A few weeks ago, someone on Instagram took offense to a passage from my crowdfunding book:

Your livelihood should not depend on a single crowdfunding campaign. You’re raising money to create something, not to fund your personal expenses. Most people will have tough financial times at some point in their lives. Those times suck, but they’re neither the time nor the reason to launch a Kickstarter project. Figure out your personal finances and keep them separate from your project when it’s ready to launch on its own merit.

The person took the paragraph out of context (I was explaining some bad motivations for launching a project–basically, personal desperation doesn’t typically translate to good results for backers and creators on Kickstarter). However, context aside, I agree with him/her and disagree with Past Jamey. Specifically, I no longer agree with this sentence: “You’re raising money to create something, not to fund your personal expenses.”
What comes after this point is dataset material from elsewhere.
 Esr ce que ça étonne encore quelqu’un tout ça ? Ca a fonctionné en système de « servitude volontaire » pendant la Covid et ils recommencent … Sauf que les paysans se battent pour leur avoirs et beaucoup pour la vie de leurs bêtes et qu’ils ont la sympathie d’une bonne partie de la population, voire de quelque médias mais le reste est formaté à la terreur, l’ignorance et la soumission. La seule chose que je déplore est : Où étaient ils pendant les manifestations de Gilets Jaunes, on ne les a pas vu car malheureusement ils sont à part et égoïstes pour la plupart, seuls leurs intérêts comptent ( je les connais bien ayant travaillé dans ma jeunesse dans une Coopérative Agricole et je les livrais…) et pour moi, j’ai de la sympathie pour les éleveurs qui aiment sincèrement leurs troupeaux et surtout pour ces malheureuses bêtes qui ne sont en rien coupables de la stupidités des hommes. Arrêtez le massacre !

You’ll see this sentiment if you go back and read some of my earliest Kickstarter Lessons. At the time, I believed that pledge prices should be calculated based on covering manufacturing costs, shipping, sunk costs, and a small buffer. Not once in my “funding goal” lesson do I mention one of the most important and invaluable assets: YOUR TIME.
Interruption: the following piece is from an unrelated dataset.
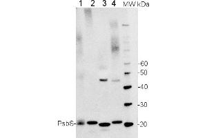 - KLH-conjugated synthetic peptide derived from available di and monocot PsbS sequences, including Arabidopsis thaliana (At1g44575)

Your time is valuable, and you deserve to be compensated for your time. How you spend that money is up to you, whether it’s personal necessities, cat toys, or board games.
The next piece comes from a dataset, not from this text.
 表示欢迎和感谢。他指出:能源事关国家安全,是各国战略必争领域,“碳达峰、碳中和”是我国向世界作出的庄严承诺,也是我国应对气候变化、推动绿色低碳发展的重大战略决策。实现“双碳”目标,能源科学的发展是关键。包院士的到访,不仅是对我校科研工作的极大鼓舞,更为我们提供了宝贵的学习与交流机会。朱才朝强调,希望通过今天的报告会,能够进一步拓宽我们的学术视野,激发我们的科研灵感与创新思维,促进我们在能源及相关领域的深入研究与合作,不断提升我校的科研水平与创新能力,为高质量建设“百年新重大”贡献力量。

I once thought this conflicted with a backer-first mentality, but I now understand that if a creator is going to best serve their backers, fair compensation for their time (built into the reward costs) is part of the equation. I think you can respect both backers/customers with great value and yourself with some form of financial compensation.

How you determine that calculation is up to you. For me, my full-time job is running Stonemaier Games, so I earn a salary. I don’t earn royalties from any of my games as a designer, but that option might be more appealing to you.

One important caveat to mention is that any budgeting you planned for a Kickstarter campaign is hypothetical until you actually pay the bills. The product might cost more to print or ship than you thought, and you’ll almost certainly run into an unforeseen cost at some point. That’s what a healthy buffer is for.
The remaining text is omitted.